Sativied
Well-Known Member
Me too man. My ICE cross apparently has it, while it's the one with more than half (maybe 100% geno but doesn't always express the pheno) whorled... if it didn't have that I perhaps would have been able to finish a whorled strain this year.I wish we had access to more legit research on drug cannabis and didnt have to rely on shit we dig up on stoner forums, I would really like some concrete answers as to why the hermi trait is so prevelant!
At first I thought it just shows how little actual breeding experience there is combined and at what poor level cannabis breeding is. How can you not breed out the most annoying trait after so many years... but hemp research shows cannabis sativa can be a real bitch.why cant it be bred out like autoflowering or other traits like color or height?
http://link.springer.com/article/10.1007/s10681-004-4758-7
The sexual differentiation of Cannabis sativa L.: A morphological and molecular study
Maybe there's a complete version online, or perhaps buy it.
Googling that one again also showed:
http://www.bio.uaic.ro/publicatii/anale_biochimie/data/archive/papers/2007/2/2007_Anale_GBM_VIII_f2_l07.pdf
" The most frequent are the monoecious forms, classified in more categories, on a five-point scale, depending on female flowers/male flowers ratio."
"In breeding activity, the early establishment of the sex would be necessary, imposed by the necessity to remove, from agronomic reasons, the male plants or the high masculinized monoecious plants."
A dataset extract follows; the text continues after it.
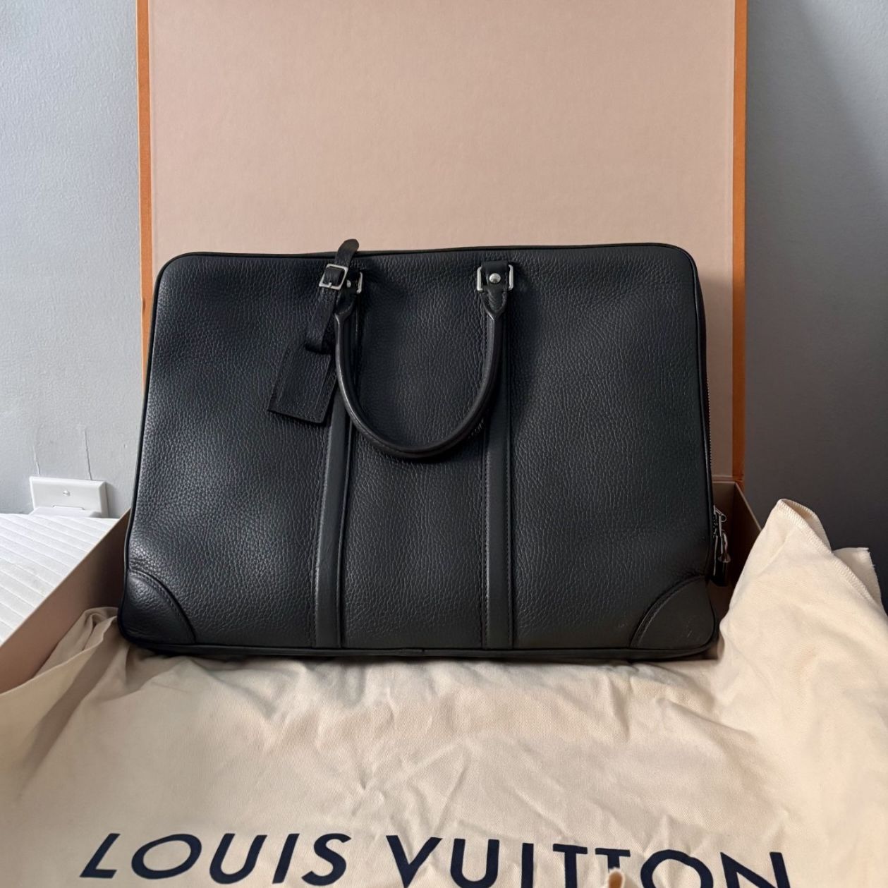 Authentic Louis Vuitton Porte-Documents Voyage (PDV) in Taurillon leather, Anthracite (dark grey), made in Italy (2014). Original retail price was $4,400 USD. This briefcase is crafted from premium full-grain Taurillon calf leather and features a structured design with smooth zip closure, sturdy leather handles, and a spacious interior that fits most laptops under 15 inches. Perfect for professional or business use. The bag shows light wear marks consistent with normal use (please refer to photos), but overall remains in very good condition. No major damage. Clean interior. A timeless, high-end piece that still makes a strong statement.

Autoflowering and color are qualitative traits (traits a plant has or hasn't, and based on just on or few genes)), height is at least partly quantitative (like yield, thc level, flower duration, which are based on multiple genes). Qualitative traits are very suitable for breeding mendelian style, while for quantitative traits putting the best with the best is usually the way to go (unless you have 1 exceptional small/frosty/fat/fast pheno).
I honestly don't know where intersex fits in. With an early full blown hermi it seems qualitative. It's either monoecious or it isn't.
But with females that spawn nanners in buds, well, as that last pdf says, a five-point scale, depending on female flowers/male flowers ratio, in other words is treated quantitative. Putting the best with the best to breed out traits entirely requires large plant counts and many generations. Basically the second quote from that second article shows also it's treated as a quantitative trait.
While we want to treat it as a qualitative. We don't want to reduce the amount of male flowers to a minimum but breed out the genes that cause it entirely. That requires those genes are replace by a copies that don't result in male flowers which may not exist in a population even though the others usually don't express it. With a quantitative approach you also could still have the same gene in the strain but the plants are vigorous and stable and stress-resistant enough that they never express it. So it's really hard to know for sure that the undesirable genes are actually bred out and can reappear in a later cross where the genes are not sort of balanced out / masked by a combination of superior genes.
I do think crossing hermie with a strain that is known not to hermie would result in plants in F2 that are like the hermie but without the undesirable genetics.
I still plan to try that lab test some day... just wonder if it tests negative for hermie if I can then still stress it or it's offspring to hermie. I unfortunately expect that is the case.